REFLEKSI EKSISTENSIALISME DALAM ILMU HUKUM (SUATU UPAYA HUMANISASI TERHADAP TEORI ILMU HUKUM)

 Michel Foucault adalah seorang filosof Perancis yang melakukan refleksi filosofis yang lama terhadap ilmu pengetahuan, dalam pencarian mengenai hakekat ilmu pengetahuan, dia akhirnya menyimpulkan bahwa manusia memasuki era kematiannya sendiri, kamatian manusia atau la mort de l'homme adalah istilah yang diciptakan oleh M. Foucault setelah kematian Tuhan yang digagasi oleh Nietzsche.
Orang boleh tidak sependapat dengan M. Foucault, atau mungkin melakukan interpretasi lain. Sedangkan penulis melihat ini merupakan suatu metafor yang ingin mendiskripsikan dan mengeksplanasikan bergesernya posisi manusia dalam perkembangan ilmu pengetahuan. Dan kematian manusia sebagaimana yang dimaksudkan oleh M. Foucaultbukan merujuk pada suatu pemahaman agama tentang kiamat (the end of the world), yang menghacurkan semua alam jagad raya beserta isinya, kecuali sang Pencipta sendiri. Tetapi suatu konsep tentang hilangnya "manusia" dari roh dan ranah ilmu pengetahuan yang merupakan kategori istimewa dalam pemikiran manusia itu sendiri. Manusia tercabut secara perlahan dan mungkin secara paksa pada aras pengetahuan yang diciptakan oleh manusia itu sendiri. Manusia bukan lagi titik sentral utama dalam ilmu pengetahuan, artinya ilmu pengetahuan tidak lagi mengabdikan dirinya pada manusia secara utuh (ideal bacon), atau ilmu pengetahuan tidak lagi mengabdi semata-mata pada ilmu pengetahuan (Ideal Aristoteles), tetapi mengabdi kepada bagian dari sisi manusia, misalnya kekuasaan, keserakahan, atau berbagai macam ideology yang mewarnai, mewarnai dan mendominasi kehidupan manusia.
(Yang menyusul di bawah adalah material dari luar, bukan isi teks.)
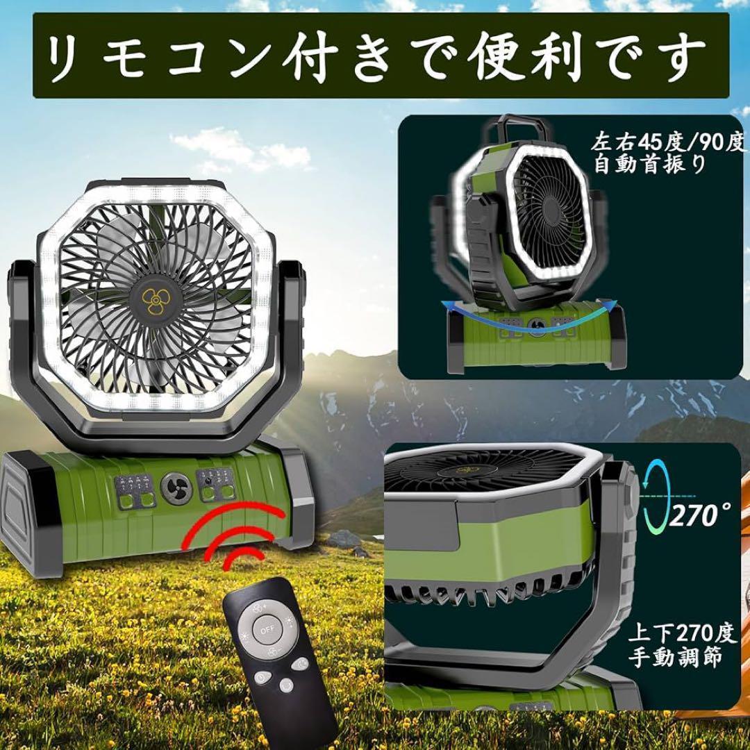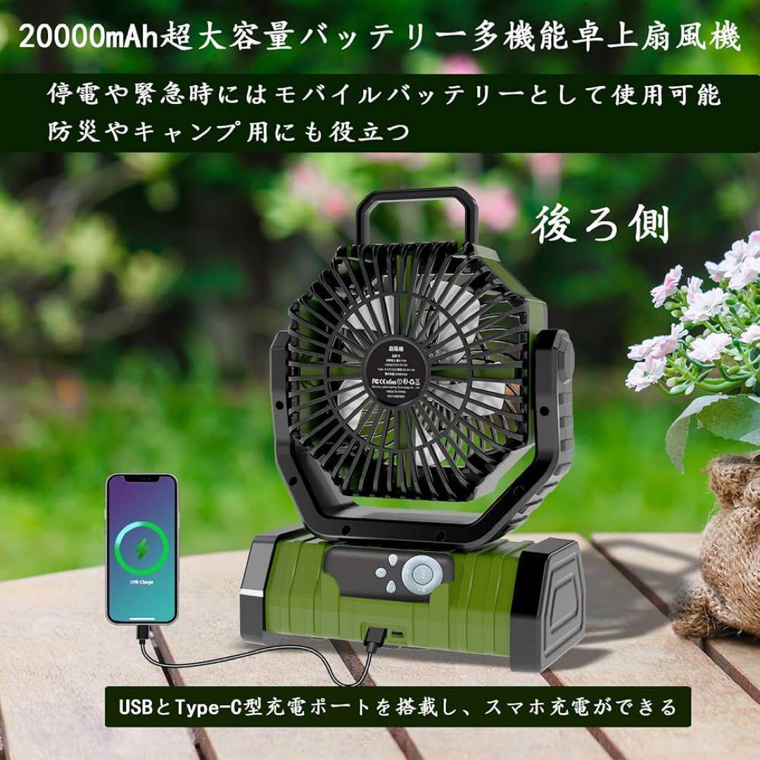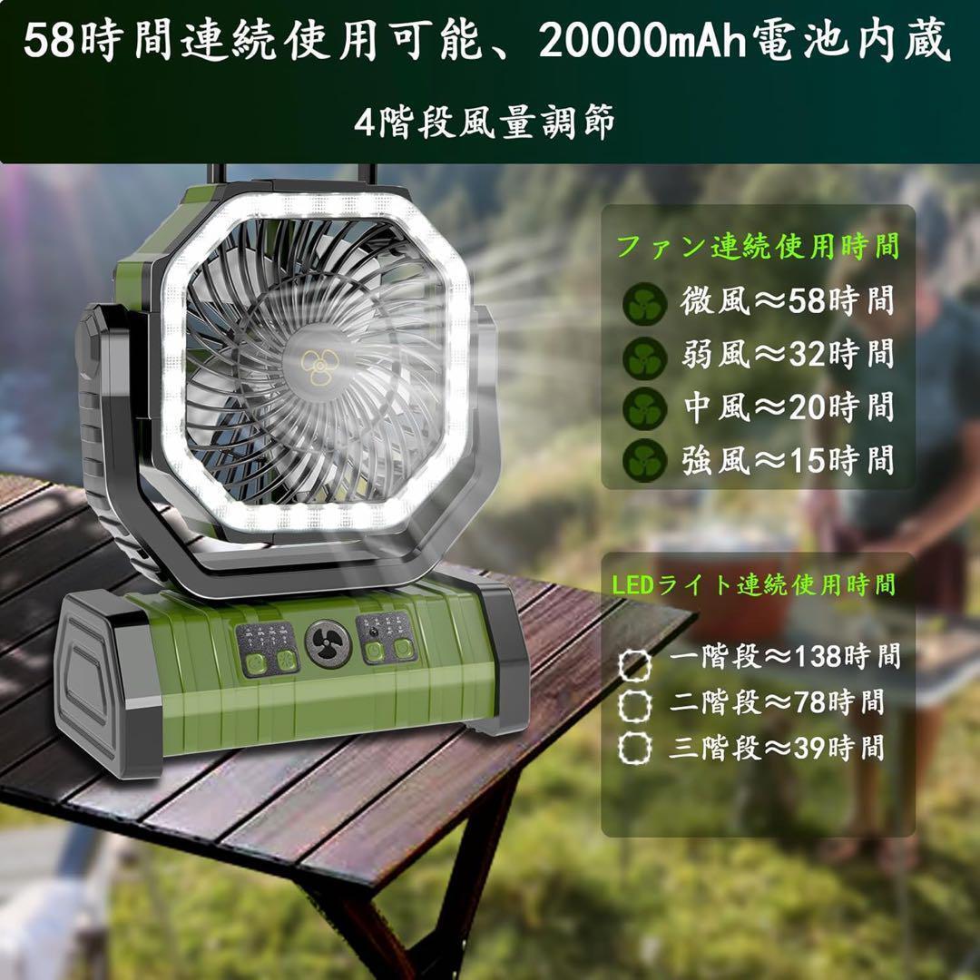 20000mAhの超大容量のリチウムイオンポリマー電池を内蔵され、1回フル充電時で、最小モードで58時間連続使用が可能です。最大モードでも約15時間の連続使用が可能です。4段階風量調節可能、微風、弱風、中風、強風4つのモードがあり、お好みの風でリラックスできます。キャンプ扇風機は高輝度LEDライトも搭載し、低輝度で最大約138時間の点灯が可能です。ライトの輝度を3段階調節することができます。風量も輝度もお好みに合わせて調整できます。

Ilmu pengetahuan tidak lagi dibentuk oleh pilar-pilar kebaikan, keindahan, ketenteraman, kebahagian yang merupakan sekian banyak dari nilai yang terdalam yang ada pada manusia. Tetapi cenderung dibangun atas kerangka kebenaran, yaitu kebenaran yang rasional dan empirikal, dan dengan sendirinya menafikan manusia yang selalu mencari kebenaran yang transendental.
Oleh karena itu, tidak mengherankan jika manusia menjadi terasing (alienasi) terhadap konsep yang mereka ciptakan sendiri, susah dipahami bahkan tidak mempunyai kemampuan untuk memberikan jawaban terhadap pertanyaan dan kepentingan manusia itu sendiri untuk hadir dimuka bumi ini. Manusia menjadi obyek semata tanpa bisa menghadirkan kediriannya sebagai subyek, pengetahuan hanya melakukan rekayasa eksternal manusia, tanpa harus mau tahu aspek internal (jiwa) manusia.
Tanpa terkecuali dalam bidang hukum, kematian sudah mulai menampakan ajalnya. Yang tampak dalam wajahnya hanya sosok peraturan perundang-undangan, aturan main, mekanisme pertanggung-jawaban, mekanisme atau prosedural pemeriksaan, bukti formal yang bisa dimanifulasi. Persidanganpun tidak lebih dari sekedar "dagelan" dengan pemain yang bermuka ganda bahkan mungkin tidak karuan. Sejak semula Undang-undang sudah diperkenalkan sebagai suatu yang sangat sakral, sehingga dalam kondisi apapun undang-undanglah yang tetap dipegang meskipun masyarakat tidak mengetahui akan hadirnya undang-undang tersebut dalam ranah kehidupan atau kondisi sosial masyarakat yang sudah berubah. Hukum dijadikan instrumen yang ampuh bagi wajah-wajah demokrat tapi berhati anarki dan tirani. Hukum seakan terlepas dari kontek " ke-akuan " menuju pada konteks " ke-kamu-an/ke-mereka-an ".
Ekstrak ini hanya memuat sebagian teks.